The pencil, in James, is a small yet potent symbol of the subversive power of storytelling. In recent years, we’ve begun to call ourselves a storytelling church. And I think right now this is an important identity for us to lean into. In our common life as a nation, a few dominant stories are taking up all the airtime. We are politically divided, in a toxic, even violent way. We’re on one side or the other of a vast divide with no connecting ground and no empathy in between. Safety comes from high walls and big bank accounts. Corporations are incapable of doing justice or supporting the common good, so their CEOs will need to hire more and better security. We must inevitably increase our consumption of resources, deepen our exploitation of the earth, and widen the gaps between the haves and the have nots. If you’re struggling, your only hope is to beat down other struggling people.A lie is the same as the truth.
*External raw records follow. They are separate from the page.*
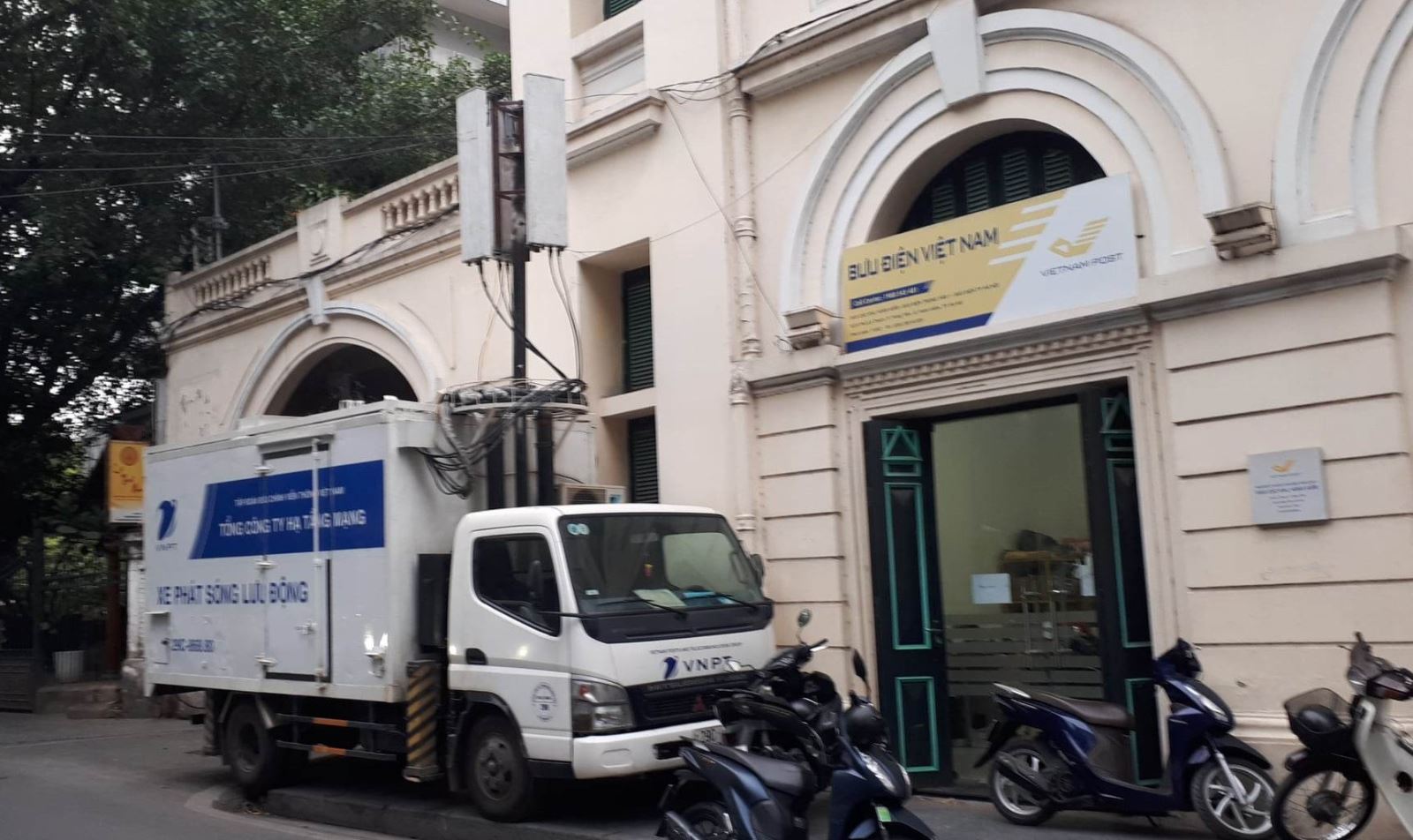 Một trạm phát sóng di động BTS tại khu vực hồ Hoàn Kiếm, Hà Nội.
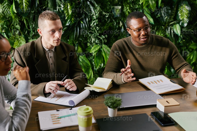 Мультиэтнические молодые взрослые мужчины обсуждают бизнес-стратегию во время офисной встречи
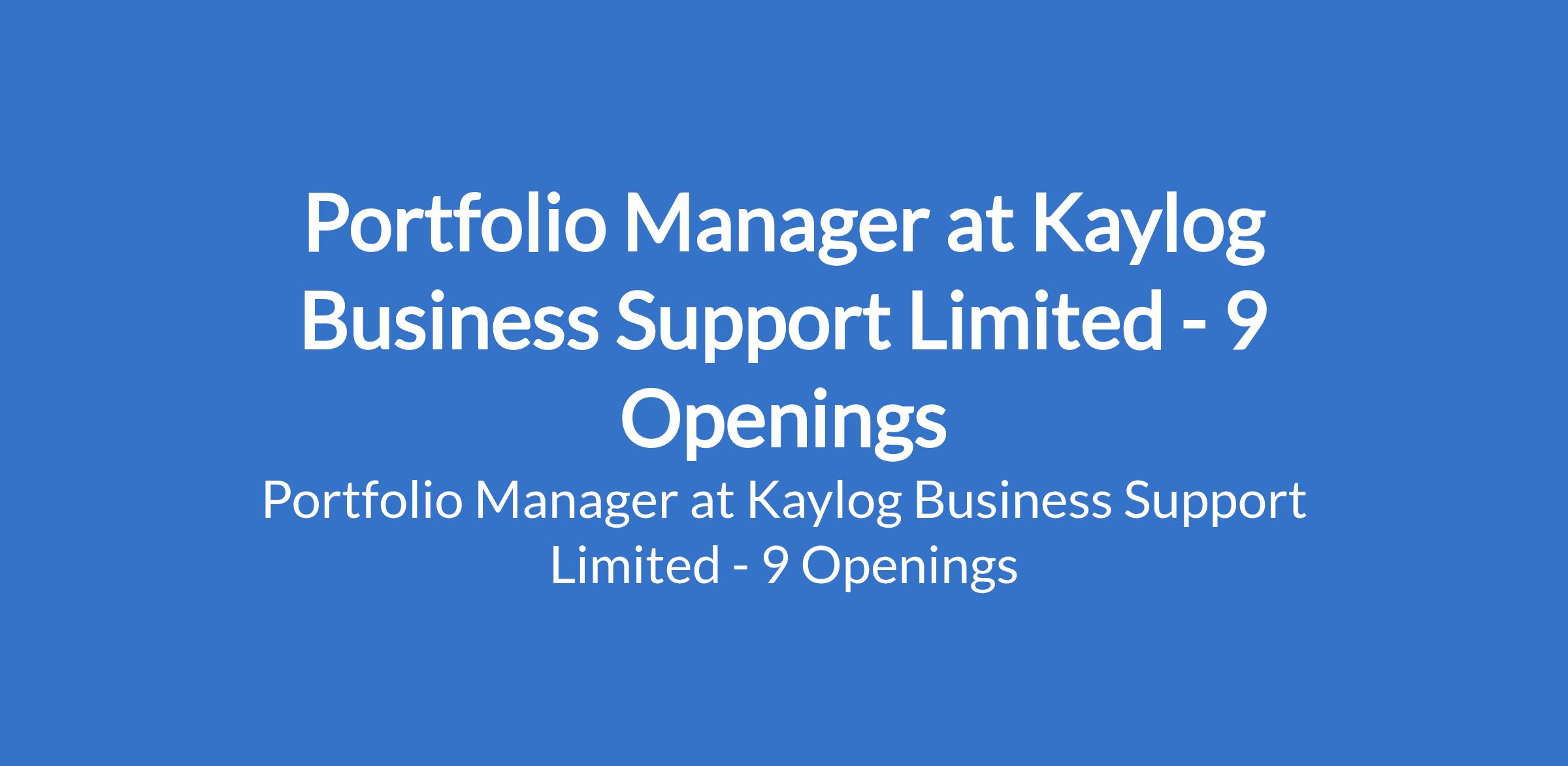 Kaylog Business Support Limited is recruiting to fill the position of: Portfolio Manager. The position is located in Igbogila, Sango, Ilaro, Ifo, Abeokuta, Sagamu, Idiroko, Owode Yewa - Ogun and Ibadan - Oyo States. Salary: N100,000 - N200,000 / month. Interested candidates should possess a minimum of an OND qualification in any discipline with proven experience in microfinance, banking, or financial services.
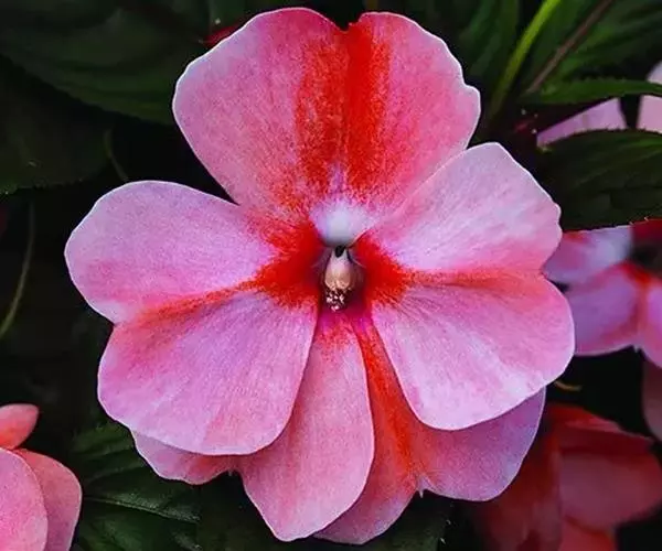 新几内亚凤仙(Impatiens hawkeri W. Bull)多年生常绿草本。茎肉质,分枝多。叶互生,有时上部轮生状,叶片卵状披针形,叶脉红色。花单生或数朵成伞房花序,花柄长,花瓣桃红色、粉红色、橙红色、紫红白色等。花期6--8月。
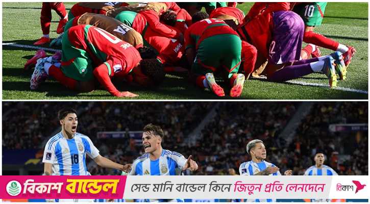 ফিফা অনূর্ধ্ব–২০ বিশ্বকাপের ফাইনালে মুখোমুখি হচ্ছে আর্জেন্টিনা ও মরক্কো। গতকাল রাতে সেমিফাইনালের দুই ম্যাচে নাটকীয়ভাবে জয় তুলে নেয় দুই দল।
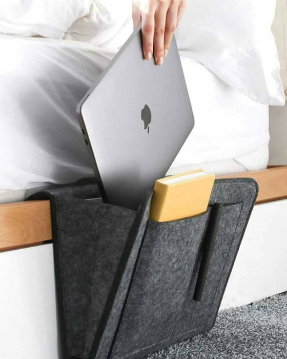 Карман для всякой всячины. | Фото: Imglade. Не огорчайтесь, если в вашей спальне не хватает места для прикроватной тумбочки, или у вас слишком много вещей. Решить проблему помогут специальные навесные карманы. Они крепятся к каркасу кровати и позволяют размещать внутри множество вещей: ноутбук, журналы, очки, лекарства и прочие мелочи.
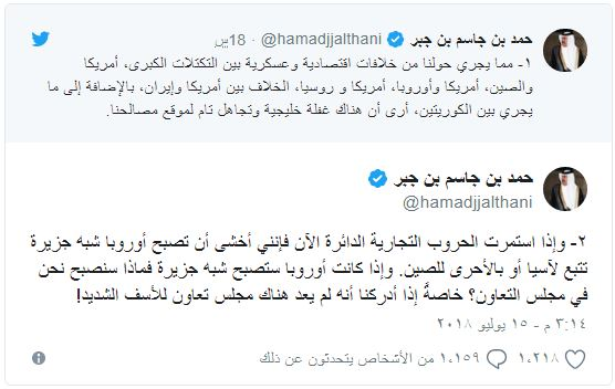 وتابع: “إذا استمرت الحروب التجارية الدائرة الآن، فإنني أخشى أن تصبح أوروبا شبه جزيرة تتبع لآسيا أو بالأحرى للصين. وإذا كانت أوروبا ستصبح شبه جزيرة فماذا سنصبح نحن في مجلس التعاون؟ خاصةً إذا أدركنا أنه لم يعد هناك مجلس تعاون للأسف الشديد!”.
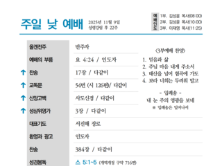 주일낮예배 오전 1부 08:00 / 2부 10:00 / 3부 11:25
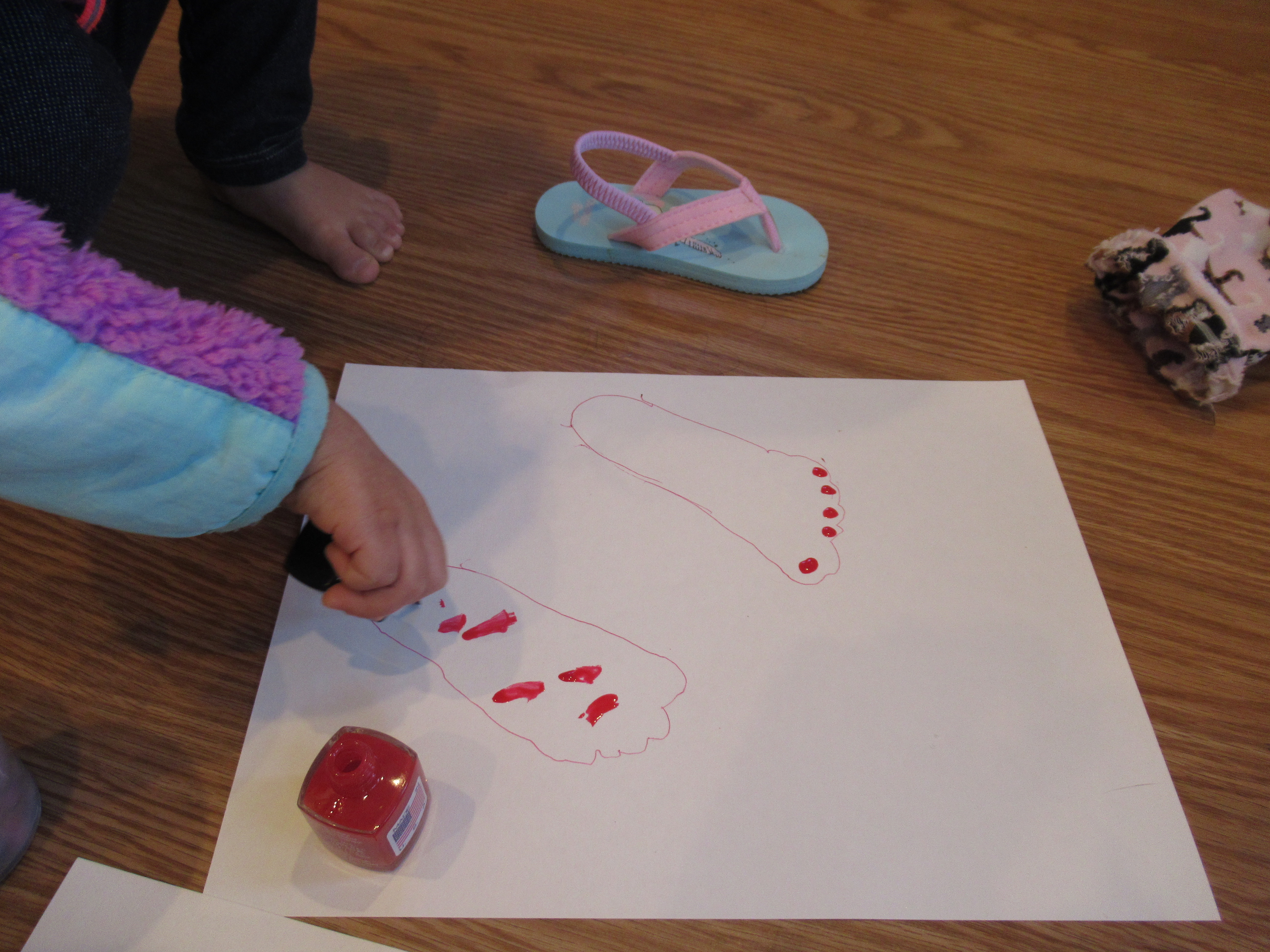 Toddlers can fill in the tracings with crayons and markers, but for something extra fun, I trotted out a vial of real nail polish. I showed her how to dab this into each toe like she was painting a little nail on each.

Those who have the most power determine what is true.

Friends, we are going to need to sharpen our pencils. And we are going to need to tune our ears and our hearts to listen intently for the voices crying out in the wilderness, telling uncomfortable and landscape-altering stories that we need to hear. Because our God is a storyteller. And God’s stories crack open half-truths and false dichotomies. Divinely inspired stories reveal hidden diversity, buried pain, neglected possibility. They allow space for complexity and ambiguity. They lead to repentance and forgiveness. They make a way through desert lands.The stories of God release our souls into liberating love, and return us the unchanging goodness that is our true home. Stories are how all flesh will see together the salvation of our God. Amen.